25 May 2010

Don’t do what they do

Remember that being a successful athlete, not matter which arena you compare yourself in (peers, amateur, professional) by definition means doing what other people wouldn’t.
Lots of people model their technique, training and tactics on what their peers are doing. But if you want to get better than them, they are exactly the wrong people to look at. 
The modelling can be conscious and deliberate, but most of the time you actually do it subconsciously. So wake up! The greatest success you can hope for by doing what everyone else (in YOUR world of peers) does is to assimilate the same level of mediocrity they have. More about all this in my book.
While we’re on the subject of role models, an important point about them. Yes they are useful, even essential to help you get more out of yourself, so long as you chose the right role models. But keep in mind it’s the approach they have that you’re copying, not the exact actions. Their life, physiology, schedule, resources etc can never fit with yours. So don’t try. So the question is “What would they do if they had this (my) circumstance right now?”.
And one other thing… Good role models in sport are ones you can actually find some details about - someone you can feel you know through seeing them, reading about them or even better, being coached by them! If it’s someone who never speaks, blogs, writes coaches, it’s pretty hard to ask the question above and get near a useful answer.
You have two choices, pick a better role model, or ask them to keep in touch more. Interview them for your blog or your favourite website and ask them all the questions you want in one go. Just an idea.

4 comments:

Anonymous said...

Perfect! So I can tell you my circumstance/Schedule and you fill in the rest!?

Anonymous said...

Questions about general cardiovascular endurance training.

Dear Dave,

i have read several books about training for climbing including yours. Many suggest to do endurance activities such as swimming, running or cycling as a mean to become a more complete athlete.

They promote these activities for active recovery on non-climbing days, and in addition as a way to improve your body's general ability to recover (growth of heart muscle and other cardiovascular benefits).
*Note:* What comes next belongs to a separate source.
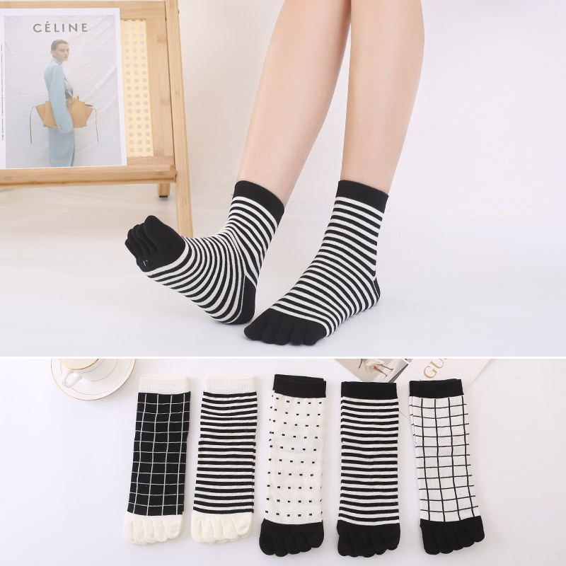 ファッションの指の靴下の子供のストライプの女性の靴下の格子insのファッションの靴下の1件の代理の四季のタイプの綿の靴下の5本の指の靴下

In one book for example it is recommended to do 60 minutes of running 3 times a week.

In two of these particular sports your lower body (legs) is the main area of physical exercise. This would mean that these muscles get trained and potentially gain mass. You write that a heavy lower body inhibits climbing performance and that sounds very plausible to me.

In consequence my question are:

Is the above mentioned training amount reasonable?
How often/long do you do such activities?
Is this form of training even necessary to become a good climber?
Are there negative side effects from this particular workouts (leg mass gain, less energy for climbing etc.)
Do the benefits outweigh the negative side effects ?

Greetings from Germany

splittipproductions.blogspot.com said...

Hey Dave, I have been struggling with this for a couple years now...everyone and their mother has some new fangled way of training regiment to try and I always wind up getting injured. Like the campus board or even the Moon board, which I do believe can be useful to some climbers, but for me, it seems to put a lot of strain on my elbows and fingers. Hence the tendinitis or osis in my right elbow. Seems to me that climbing outside has improved my ability just as much, if not more. Especially when I do manual labor, i.e. landscaping/masonry, for a living. I also believe that people don't rest enough, as well. Regardless, thanks for all your info and advice. It definitely strays from the norm and is a breath of fresh air. Cheers.

Anonymous said...

Been meaning to say for a while- I think your website's a great source of info & inspiration. Cheers!